Online dispute resolution (ODR) will be introduced into the Small Claims Court system in BC. Just this past week, Bill 44, the Civil
Resolution Tribunal Act, passed its third reading and received Royal Assent. What this means is that if you have to go to Small Claims Court (any action under $25,000), you will be able to choose ODR instead of a traditional court resolution and have your case judged by someone online.
Small Claims Court can often be informal, and permits individuals to represent themselves. Participants are typically self-represented; however, they are permitted to acquire the services of a lawyer. The new Tribunals in BC will operate in a similar fashion with one main exception—litigants cannot obtain legal representation.
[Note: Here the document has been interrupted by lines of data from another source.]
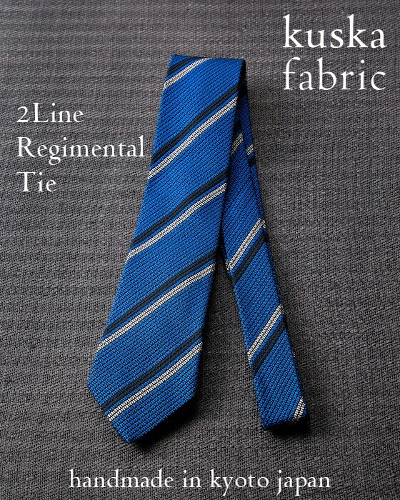 kuska クスカ 2ラインレジメンタルタイ 丹後ブルー ネクタイ ブルー 青 国産 日本製 シルク 絹 手織り 職人 ギフト 贈答品 京都 丹後 ブランド 高級 ビジネス 父の日 成人式 ストライプ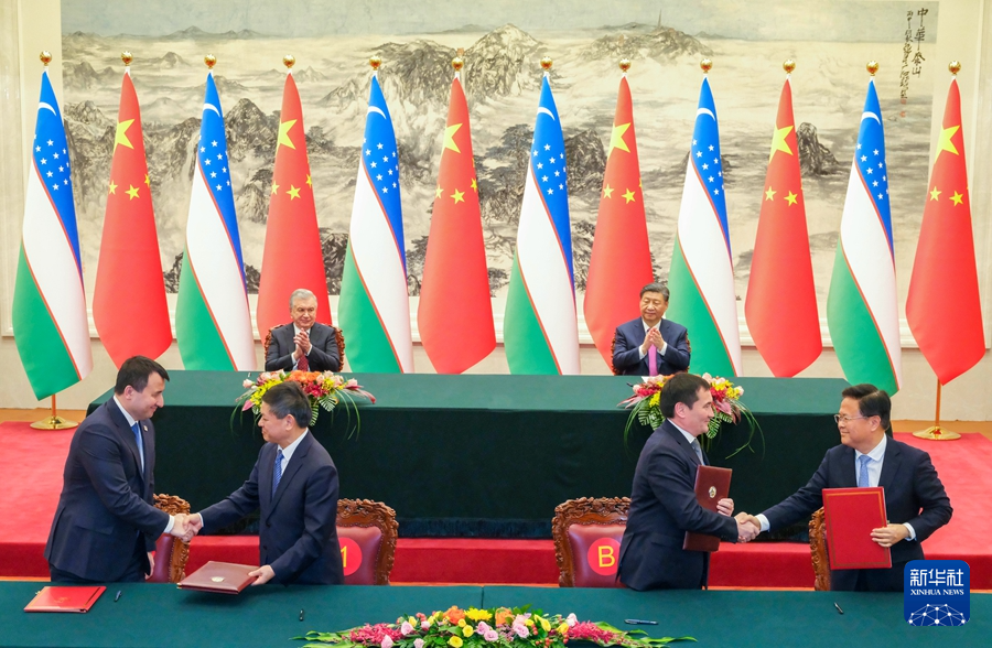 ??會(huì)談后,兩國(guó)元首簽署并發(fā)表了《中華人民共和國(guó)和烏茲別克斯坦共和國(guó)關(guān)于新時(shí)代全天候全面戰(zhàn)略伙伴關(guān)系的聯(lián)合聲明》,并共同見(jiàn)證簽署共建“一帶一路”、全球發(fā)展倡議、經(jīng)濟(jì)技術(shù)合作、互聯(lián)互通、環(huán)境保護(hù)、新能源、科技、人文、農(nóng)產(chǎn)品準(zhǔn)入、地方等領(lǐng)域一系列合作文件。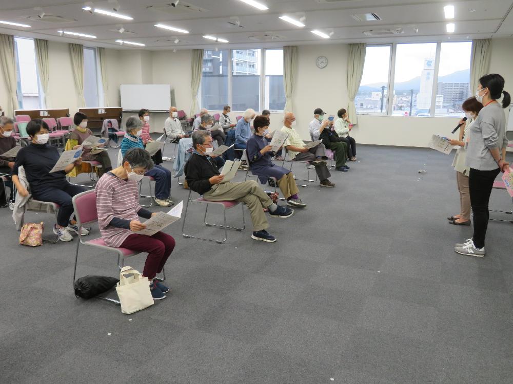 体操が終わったあと、草津地域包括支援センターの職員と草津市の保健師より、地域包括支援センターの役割りについて説明していただきました。以前は、草津ケアセンターの中にあったのですが、今は草津商店街にある滋賀銀行の隣に移転したということや、万一家族が認知症になったときなど気軽に介護について相談できるところだということが分かりました。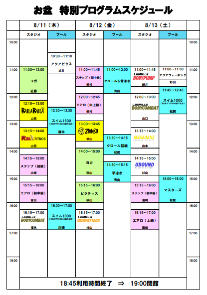 8/11(木)~8/13(土)の祝日特別プログラム表が完成しました✨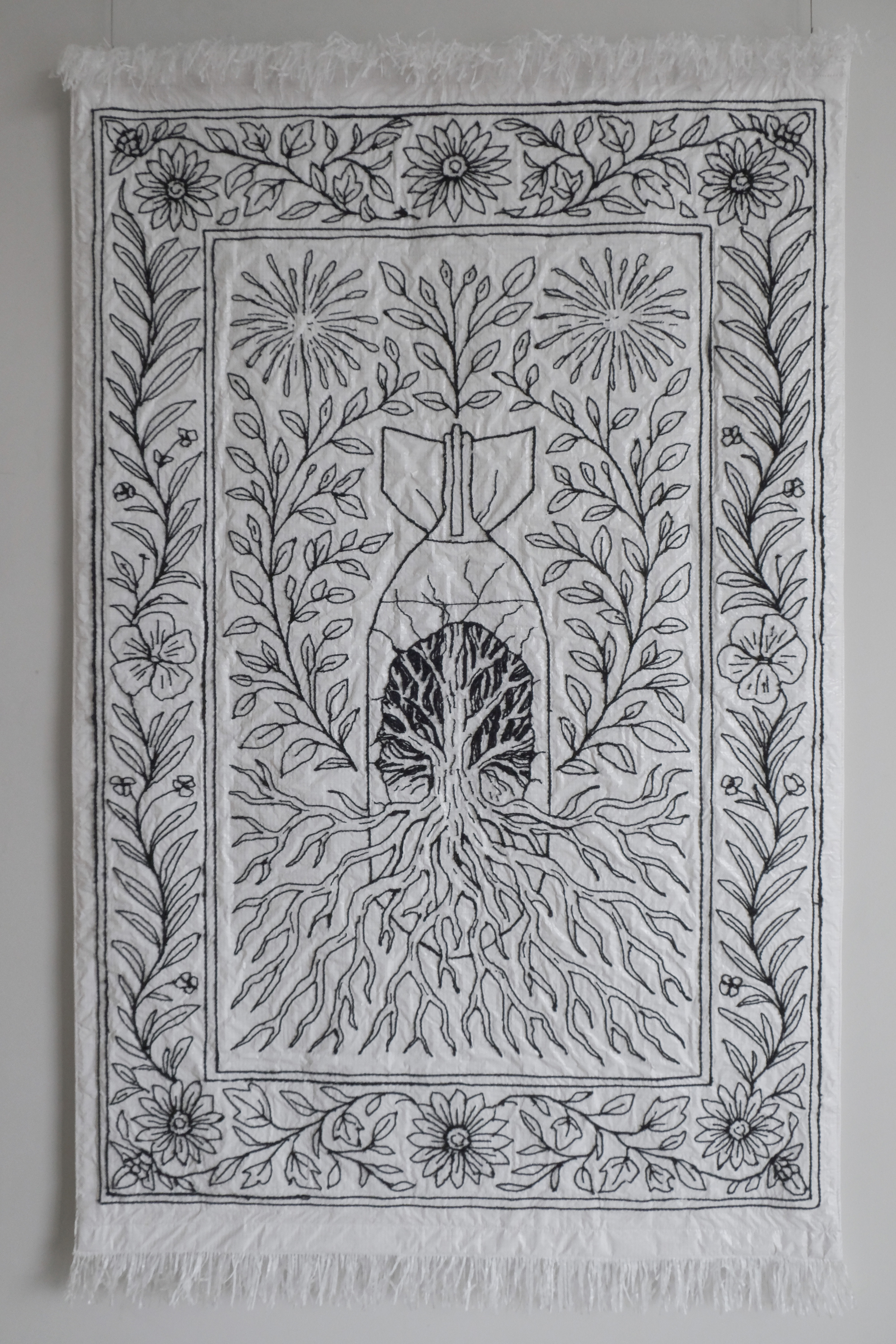 «Roots of the Unexploded #2», w100 x h168 x d1 cm, Embroidery on PE Sheet, 2025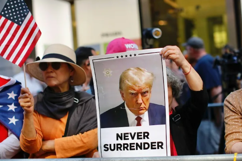 Supporters gather outside Trump Tower on May 31, 2024 before former US President Donald Trump holds a press conference. (Kena Betancur/AFP)
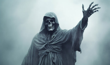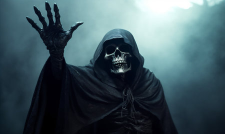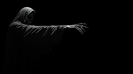 Eerie figure of the grim reaper reaching forward, silhouetted against a black background with space for copy
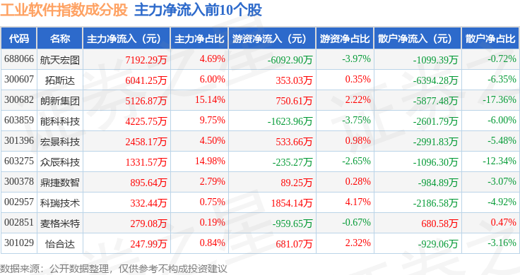 资金流向方面,工业软件(980034)指数成份股当日主力资金净流出合计8.8亿元,游资资金净流入合计1.54亿元,散户资金净流入合计7.25亿元。成份股资金流向详情见下表: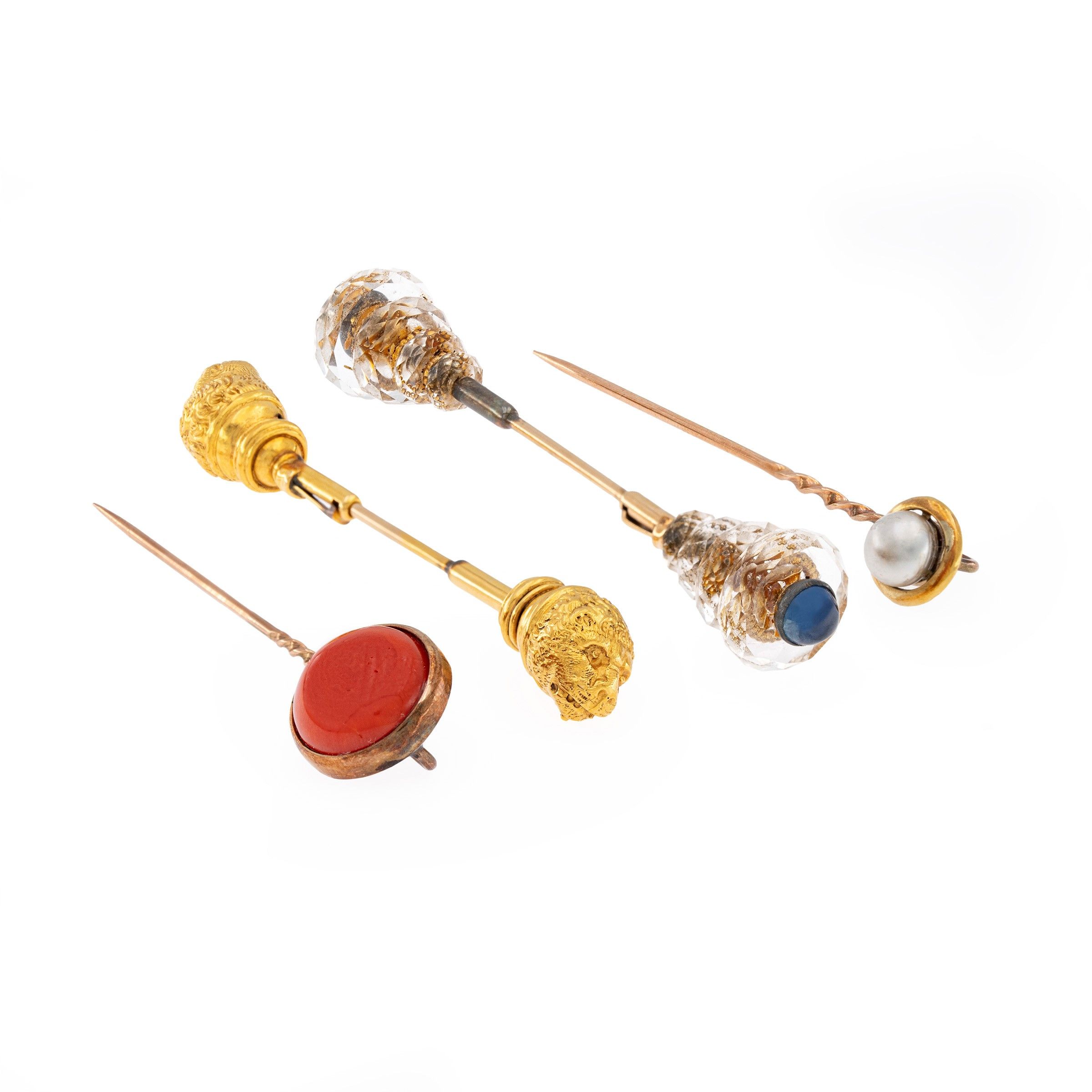 Due jabot pin e due spilloni in oro giallo 18kt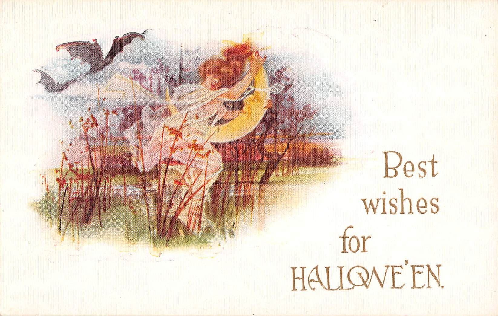 Gibson Best Wishes for Halloween Bats Chasing Woman & Moon Postcard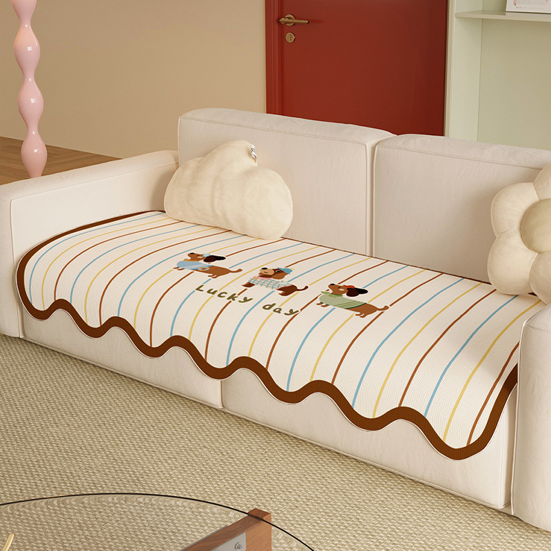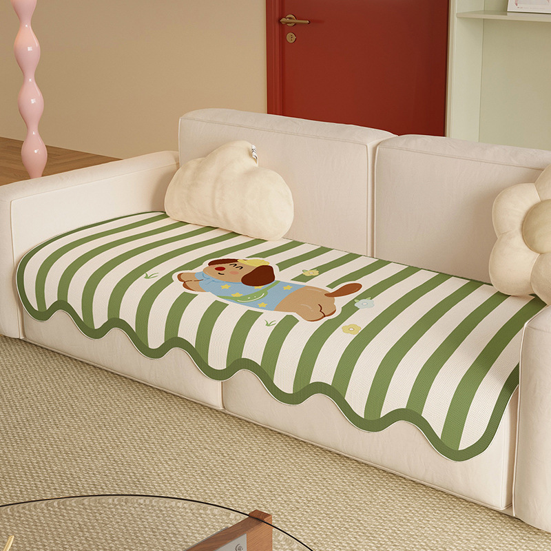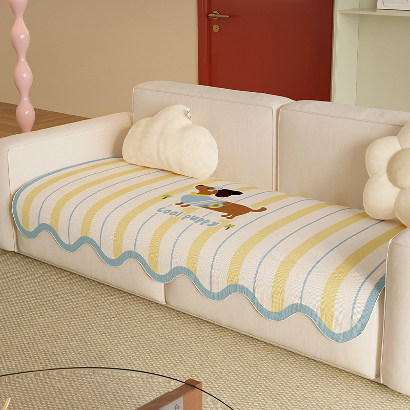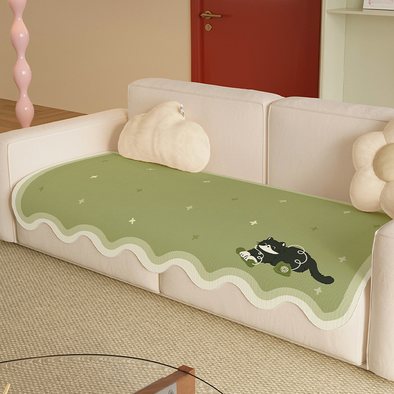 卡通冰丝沙发垫凉感透气沙发凉席垫家用耐脏易打理异形防滑垫子

Just last summer I wrote about ODR, which at that time felt too futuristic and forward thinking to be a possibility in this decade. But, the BC Government, always one step ahead of the others, has introduced a new technology that has the potential to really improve the accessibility of justice and reduce the cost of delivering it. It’s interesting to see how drastically things can change in a year.
So what is ODR?
Wikipedia defines it as “technology to facilitate the resolution of disputes between parties.” Bill 44 defines ODR services as “dispute resolution services that are provided by way of electronic communication tools and are intended to assist parties in resolving a dispute by agreement …”. Electronic communication is achieved through electronic communication tools, which are defined in the Bill as computer programs or other electronic means, used by way of the Internet.
It seems like a definition broad enough to allow for changes in technology, but also specific enough to say it will involve Internet-enabled technologies. What is not clear is what choices, if any, users will have in their choice of tools online. For example, can they use Skype? Will it be just teleconferencing or will it include video? Will they use a Google hangout type of tool?
Bill 44 has received a considerable amount of criticism since its first reading, focused primarily on Section 20, which forbids legal representation. Some feel that forcing parties to represent themselves might place some individuals at a disadvantage. This concern seems to be moot because it is an “opt in” system, and one can always decide to proceed through the regular Small Claims Court route. In addition, Section 9, which excludes the BC Government from proceedings, also does not sit well with critics. This may suggest that the government is not standing behind their proposed solution to judicial inefficiency.
It remains to be seen what impact Bill 44 will have on the Small Claims Court system in BC, and what precedence it will set for the rest of Canada.